The Shire of Carnamah is a local government area located in the Mid West region of Western Australia, about 310 km north of Perth, the state capital, and about 181 km south of the city of Geraldton. The Shire covers an area of 2876 km2 and its seat of government is the town of Carnamah.

==History==
The Carnamah Road District was formed out of land previously managed by the Irwin and Mingenew Road Boards on 24 August 1923. On 1 July 1961, it became a Shire under the Local Government Act 1960. On 19 April 1962, it lost three-fifths of its area when the Shire of Coorow was created.

The Shire of Carnamah has seven elected Councillors. Councillors are elected by residents of the Shire and represent the whole Shire.

The President and Deputy President are elected by the Councillors after every election.

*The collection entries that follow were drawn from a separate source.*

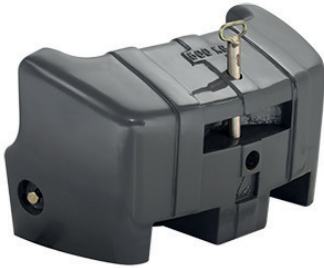
4291403M1 - 600 kg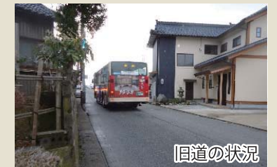
▲道路幅が狭く、すれ違いが困難

これまで道路幅が狭くまたは見通しが悪い所を通過していた自動車は、バイパスを快適に通行できます。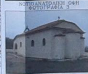
ΣΧΗΜΑ ΔΗΜΗΣ ΦΩΤΟΓΡΑΦΙΟΝ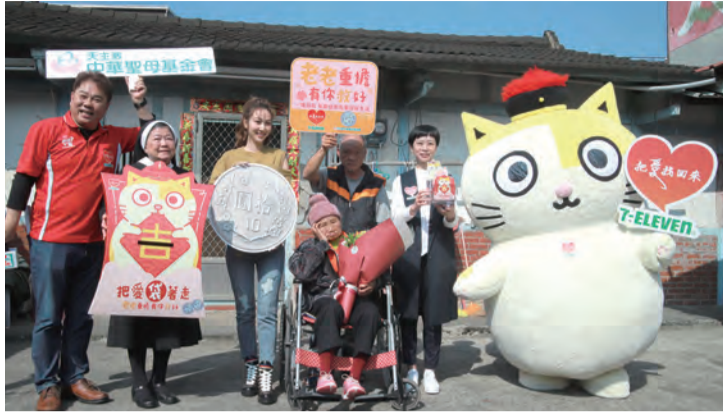
▲響應「老老重擔，有你救好」計畫開步走，全面照顧長輩。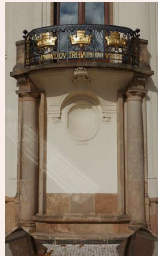
Ozdobné prvky jižní fasády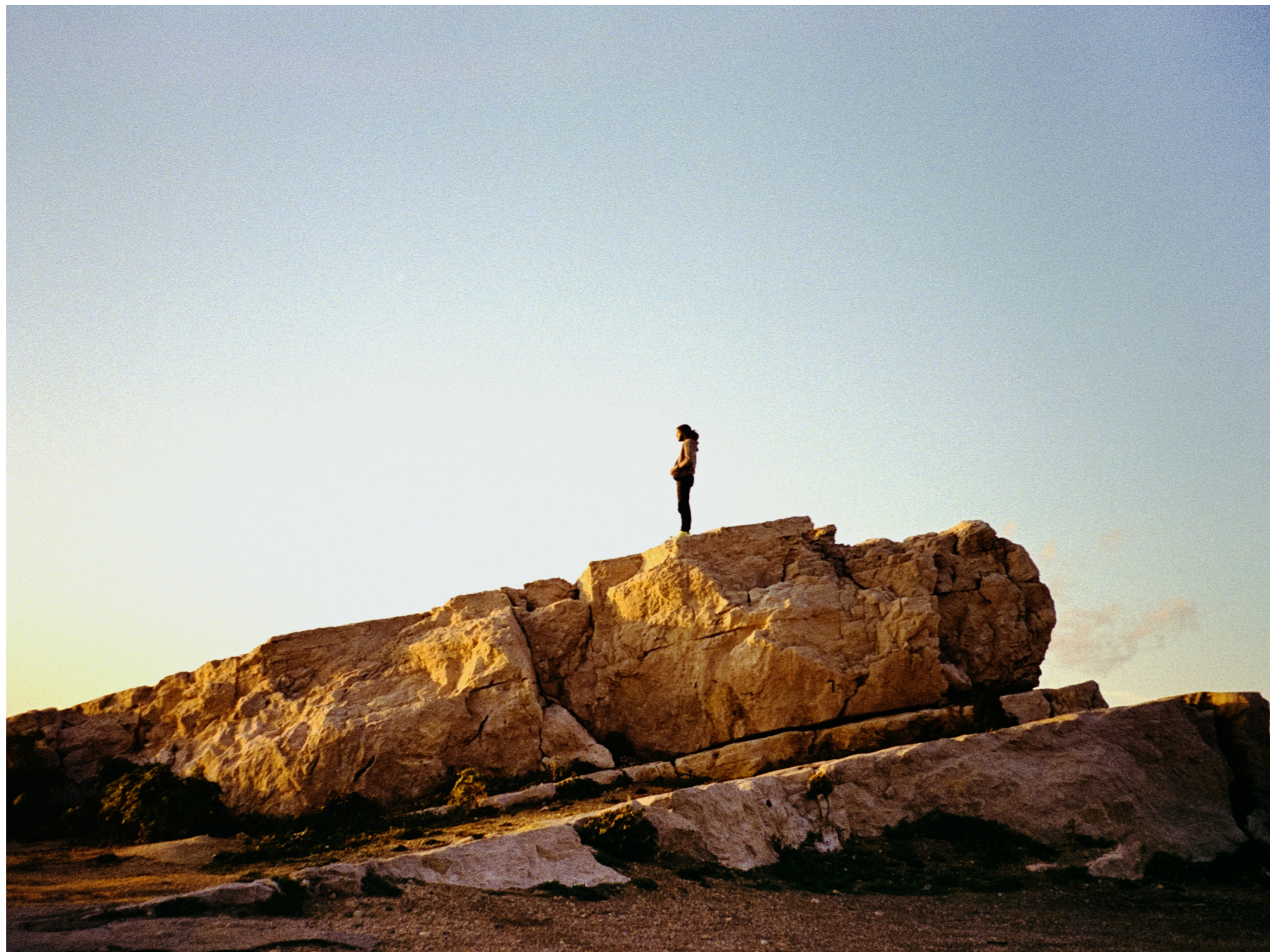
Lucas, Chemin des Goudes, 2023

Elections are held in October every two years and half of the Council is due for re-election.

==Towns and localities==
The towns and localities of the Shire of Carnamah with population and size figures based on the most recent Australian census:

| Locality | Population | Area | Map |
|---|---|---|---|
| Carnamah | 407 (SAL 2021) | 1,464.2 km^{2} (565.3 sq mi) |  |
| Eneabba | 142 (SAL 2021) | 1,407.6 km^{2} (543.5 sq mi) |  |

==Heritage-listed places==

As of 2023, 70 places are heritage-listed in the Shire of Carnamah, of which one is on the State Register of Heritage Places, the Macpherson Homestead. The homestead, which was State Heritage-listed in April 1995, dates back to 1870.